Founder · Product · Engineering

Turns product photos and raw data into ready-to-publish catalogs for beauty, fashion, and consumer goods. The work that used to take a small team a week — sorting images, writing descriptions, formatting for every sales channel — runs in minutes.

What this build is about

  • AI handles the boring 80% of a product description. The last 20% is brand voice and stays human.

  • Every output is editable in one click. The cheapest fix for "AI got it wrong" is making it easy to fix.

  • One source, many channels. Same product data flows out as a webshop entry, a spec sheet, a wholesale PDF.

Built with — React and TypeScript for the screens. Supabase for the database, login, and file storage. Cloudflare to host it. Claude and OpenAI for the AI helpers.

API integration illustration

0 → 10M MAU

API Partnerships & Client Success Manager · 2022 — 2025

Epidemic Sound — Partner API

2022 — 2025

The Partner API powers Epidemic Sound's integrations across creator tools and editing platforms. I owned the commercial and customer-facing side of the platform — packaging, partner deals, demos, and onboarding — alongside the product and engineering team that built it.

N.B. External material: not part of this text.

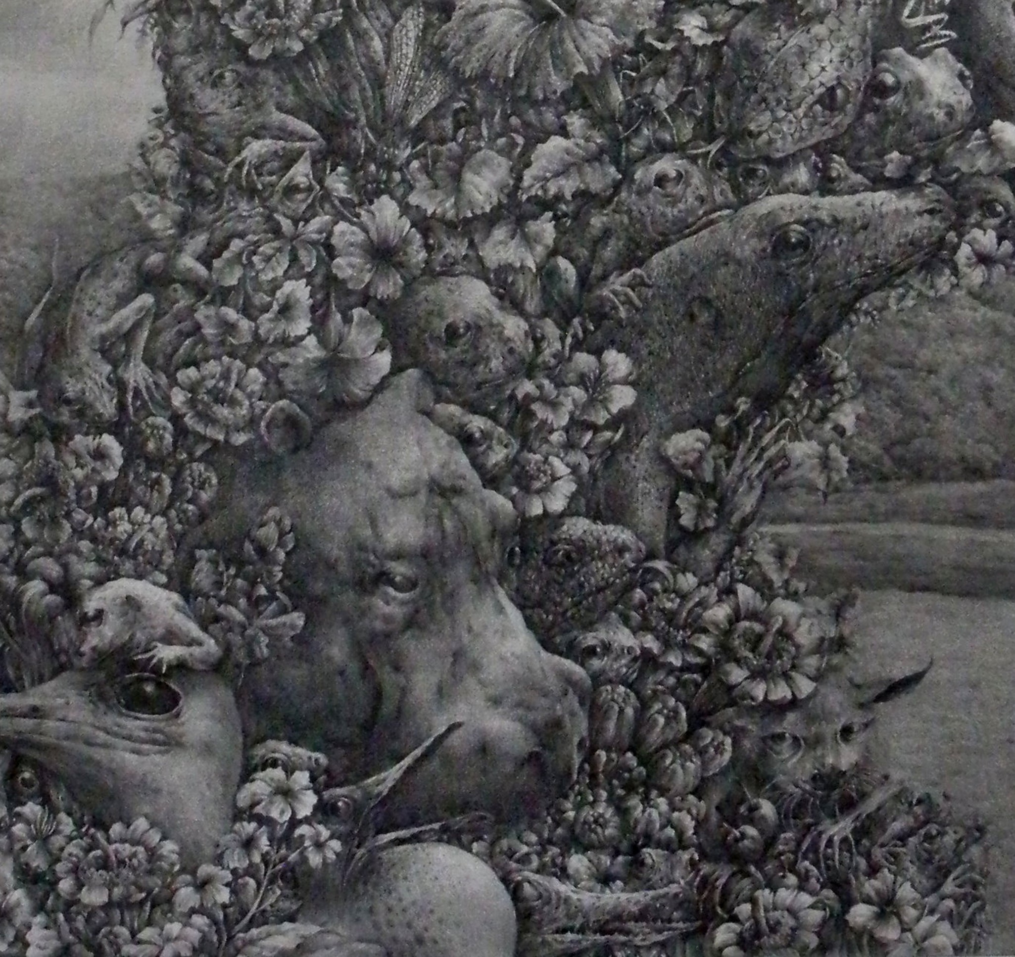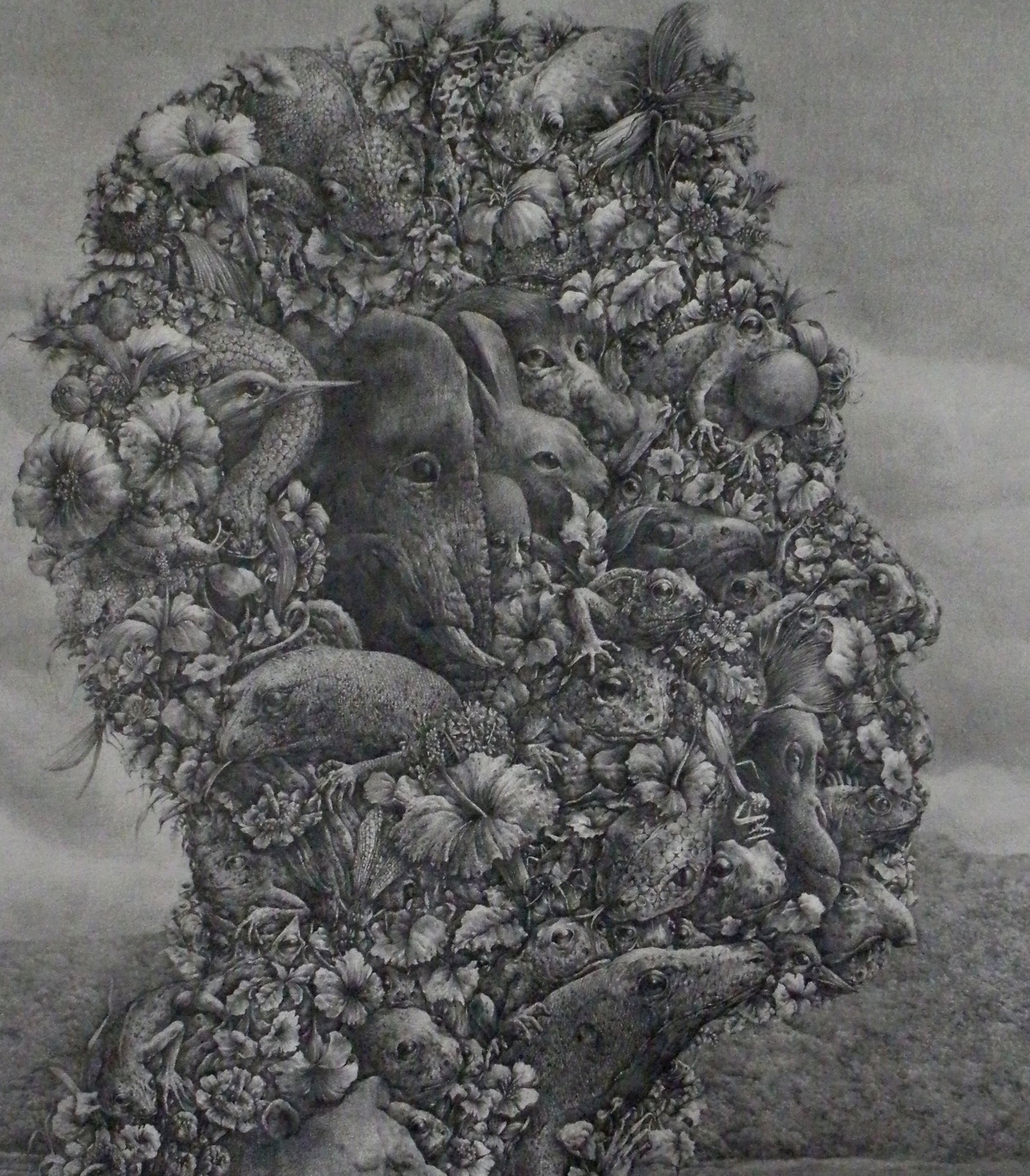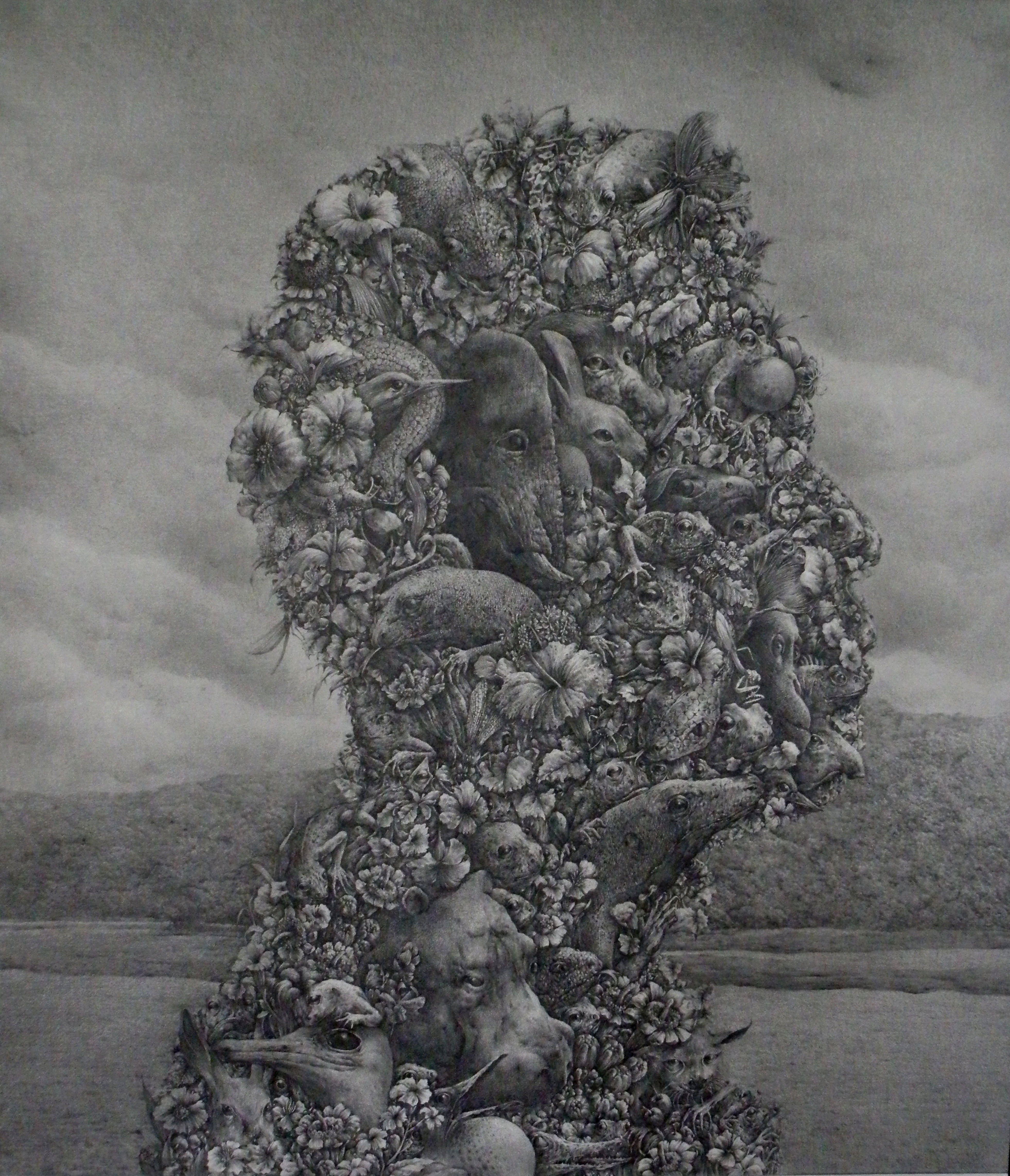 This artwork depicts my imagination of myself. I imagine being composed of various animals and plants, and I believe these composite images about myself are truer to me than the reflection in the mirror.

What the role actually meant

  • Commercial packaging. Translated technical capability into pricing tiers, contract terms, and value propositions partners could understand and buy.

  • Demos that closed. Live walkthroughs with platform leads at editing tools, content platforms, and creator software. Knowing the product end-to-end meant I could answer technical questions on the spot, without escalation.

  • API strategy. Decided what shipped, what didn't, and what partners had to wait for. Said no to a lot of feature requests so the API stayed sharp.

  • Customer success at scale. Onboarded partners from cold inbound to multi-million-user integrations. The companies who scaled with us did because the partnership worked, not because the API alone did.

  • The bridge between commercial and engineering. Translated partner pain into engineering work, and engineering trade-offs back into language commercial leaders understood. That's where most API platforms fail.